I don’t write about provocative stuff much any more because I simply can’t handle the horrible emails, comments and hassling. Yeah, fuckwits, you won this round.

But I take my revenge by being a confident, capable woman working with other women to make safe dance spaces.

One of the reasons Blair is not called to account is fear. I interviewed a number of people in the course of researching this article. Almost all of them warned me about what would happen if I went ahead. Some were too afraid to go on the record about him because of the reaction it might incur. I was told that he would go through my social media photos, searching for images that he might be able to use to shame me, as he did with Clem Bastow. He would go back through all my published articles to find things he could misrepresent or misquote.
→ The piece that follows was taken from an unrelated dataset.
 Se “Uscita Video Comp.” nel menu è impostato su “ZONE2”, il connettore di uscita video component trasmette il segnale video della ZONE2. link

That he would post about me and I’d be attacked on twitter and by email with vicious personal slurs. I understand this risk, fear of being trolled means many people remain silent about what he is doing. This is a problem, not for him, but for journalism (Jane Gilmore Bat Country for Old Men)

It’s worth noting that if you’re a woman commenting on racism or sexism or homophobia in the lindy hop community in a public forum, you’ll end up with a rash of fairly horrible comments, emails, and messages. We like to pretend that we are a lovely fairy floss community, but as Montreal’s recent troubles, various black face routines at international dance competitions, and reports of sexual assault in lindy hop scenes demonstrate, the dance might be happy, but the dancers are as likely to behave badly as non-dancers.
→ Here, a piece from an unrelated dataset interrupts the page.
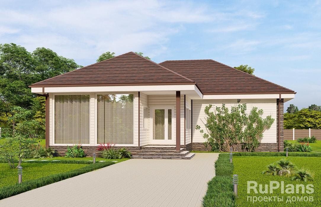 Одноэтажный жилой дом с размерами здания 15,68 х 13,34 м. Наружная отделка здания – сайдинг. Фундамент – свайно-ростверковый буронабивной. Наружные стены – газобетонные блоки. Наружные стены веранды - деревянный каркас. Внутренние стены – газобетонные блоки. Перегородки – гипсолитовые блоки. Пол этажа – сборные ж/б плиты. Перекрытие – сборные ж/б плиты. Крыша многоскатная. Кровля – битумная черепица. Окна — металлопластиковые. При разработке проектов домов из бруса, конструктив стен на стадии проектирования не прорабатывается подробно, так как это целесообразнее производить на стройплощадке уже по ходу строительства. (т.е. в состав проектной документации не входят развертки стен, сборочные схемы и спецификация элементов каркаса). В конструктиве проекта будут присутствовать монтажные планы и основные узлы. ДИЗАЙН ГОТОВЫЙ, ГОТОВЫЙ БРАТЬ?

This is why I have a very strict comments regulation policy on my own blog, and I will not respond to unpleasant private messages on facebook. I also make liberal use of the block button, and delete comments without explanation. Every time I write about issues of gender on my blog I get a whole raft of aggressive and occasionally frightening comments from lindy hoppers, so I have no interest in providing a public forum for abuse.

It’s also important for lindy hop aggregators to think about how they present provocative links on their own blogs and facebook pages: they’re channeling traffic to a site which usually results in one-off visits and drive-by harassment. I get the nastiest comments when big name dancers or aggregators link up my blog with provocative framing.